Revascularization of a tooth with incomplete rhizogenesis.
A 12-year-old patient with a chronic periapical abscess on tooth 35 with incomplete root formation.
In the first session, we decontaminated and medicated with Bio C Temp (Angelus)
In the second session, after one month, the fistula had gone into remission and there were no signs or symptoms. Revascularization was chosen, followed by clot protection with Bio C Repair (Angelus). The person responsible was instructed on the need for follow-up.
Case conducted by student Mayumi Hashimoto, from the endodontics specialization course at APCD Bragança Pta.
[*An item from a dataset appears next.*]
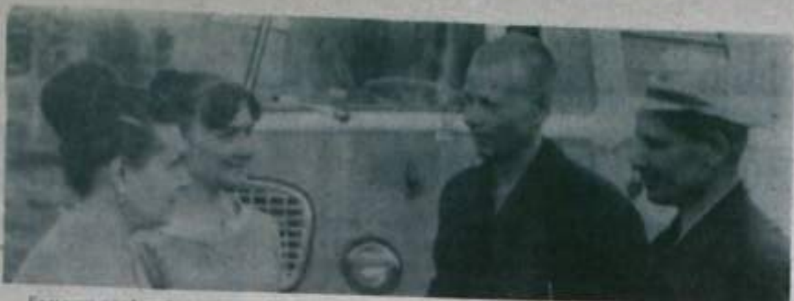
Возврат профилактическую работу по выявлению ранних форм заболевания легких и сердечно-сосудистой системы среди населения нашего города и района ведет бригада передвижного флюорографа (рентгеновской установки) Кумертаурского тубдиспансера.

Меняется отдельная двухкомнатная квартира со всеми коммунальными удобствами в г. Кумертау на равноценную в г. Кумертау. За справками обращаться в отдел кадров машзавода.

In: Pulp revascularization in necrotic permanent teeth with incomplete rhizogenesis Leticia Rodrigues SOUSA, Anny Gabrielle Silva PEREIRA, Izabela Pastor DA SILVA, Janielle Emanuelle Resende DE SANTANA, Laerte Oliveira BARRETO NETO Rev. odontol. UNESP, vol.50, nSpecial, p.0, 2021 Introduction:
The complete formation of the dental root occurs in a period of up to three years after the eruption of the permanent tooth. Immature teeth that suffer some kind of trauma can have their root development interrupted, resulting in a process called incomplete rhizogenesis. In these cases, endodontic treatment is a challenge. The difficulties encountered are: the young age of patients, fragile dentin walls and developing apex, making it difficult to fill the root canal system. In this context, pulp regeneration becomes an alternative that promotes the formation of new dentin tissue inside the root canal.
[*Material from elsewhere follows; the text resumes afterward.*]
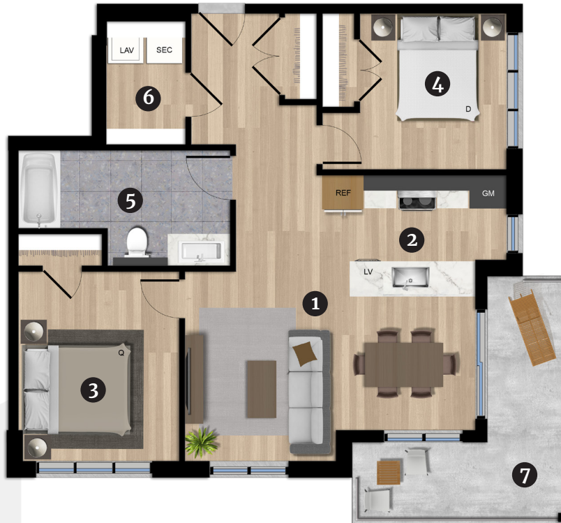
Bâtiment C 3e étage

Objective: To review the literature on existing scientific evidence regarding pulp revascularization in necrotic permanent teeth. Materials and Methods: This study is a literature review, in which LILACS and Medline/Pubmed databases were consulted, using as descriptors "Dental Pulp" "Blood Coagulation" "Endodontics", and articles and dissertations in English and Portuguese were selected. Results: The revascularization technique initially consists of cleaning and disinfecting the root canal, since the process is only effective when the canal is completely free of infection.
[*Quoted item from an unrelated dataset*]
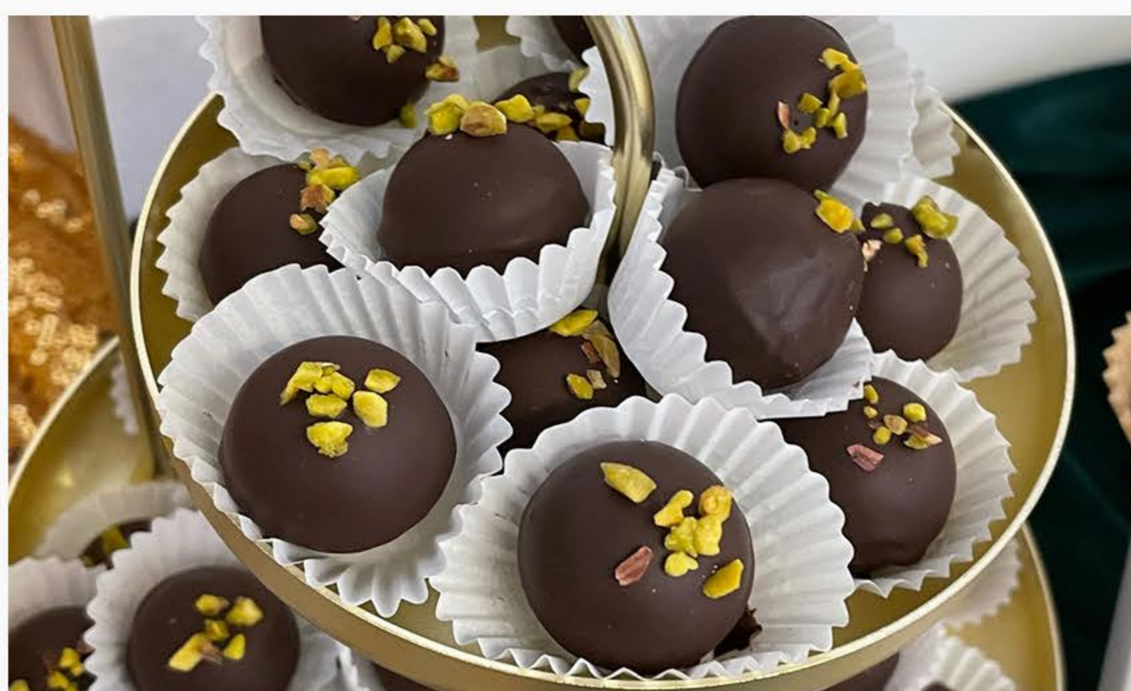
PRALINKI PISTACJOWE 12zł/100g

The second step is to induce the formation of a blood clot that will fill the root canal. The blood cells will induce the formation of a revascularized tissue by providing growth factors to the stem cells of the papilla, triggering an accumulation of undifferentiated cells that will form new tissues, thus increasing the thickness of the canal, elongation of the root, closure of the apex and return of vitality. Conclusion: The technique treatment time is shorter, and can be completed in one or two sessions, with the cost-benefit being a favorable factor. The greatest advantage is the induction of the end of root development with thickening and, as a result, the strengthening of the root walls.